Amorgos sits in the southeastern Cyclades and catches the meltemi wind from mid-July through August. Beachside tables can be breezy on strong-wind days, which is actually pleasant in peak heat but worth knowing if you're eating with papers or have young children.
Tips for Visiting
- Order the Amorgian fava. It's grown on the island and tastes different from the commercially produced version you'll find elsewhere. Even if you think you know fava, try it here.
- The shrimp pasta is listed as a dish for two — factor that into how you order if you're eating alone or with a large group splitting multiple mains.
- Book ahead in July and August if you're set on a specific evening. Call the restaurant directly at +30 2285 073618 or check their website at yachendorestaurant.com.
- The kitchen closes at 22:30, which is earlier than some visitors expect. If you're arriving late off a ferry, confirm this hasn't changed for the current season.
- Austrian raki derivatives like rakoumelo are rarely on menus outside the Cyclades — if you want to try a local digestif, this is a good opportunity.
- The restaurant is open from 10:00, so it works as a breakfast or brunch option if you want something more substantial than a hotel continental spread.

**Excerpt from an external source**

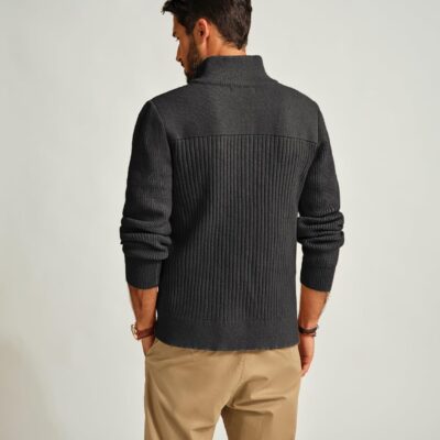Men’s Full Zipper Cardigan Casual Stand Collar Cardigan Sweater Ribbed Knit Long Sweater

- Bring cash as a backup. Card acceptance is standard in Aegiali, but connectivity on small islands can be unreliable during busy periods.
- The hillside villages above Aegiali — Tholaria, Lagada, and Potamos — are worth a morning walk before lunch at Yachendo. Each village is about 45 minutes on foot from the bay.
What to Order
The clearest way to eat well at Yachendo is to build a meal around whatever fish was landed that day. Ask the staff which fish came in that morning — the menu lists bream as a standard option, but availability shifts with the catch. Pair it with sautéed seasonal greens and the Amorgian fava as a starter.
For meat eaters, the roasted pork chops with baby potatoes and grilled vegetables are a reliable main. The biological beef meatballs are a good choice for a lighter appetite or as a shared mezze-style plate at the start of a meal.
On the drinks side, the wine list draws on Greek producers, and psimeni — a cinnamon-and-clove-spiced wine that is traditional in the Cyclades — is worth trying if you haven't encountered it before. For coffee drinkers, the 10:00 opening makes the café side of the operation genuinely useful: Greek coffee (ellinikos), freddo espresso, and herbal teas are all on the menu.
Vegetarian visitors can eat well here: the fava, seasonal vegetable sides, and salads give enough options that a full meal without meat or fish is straightforward to put together.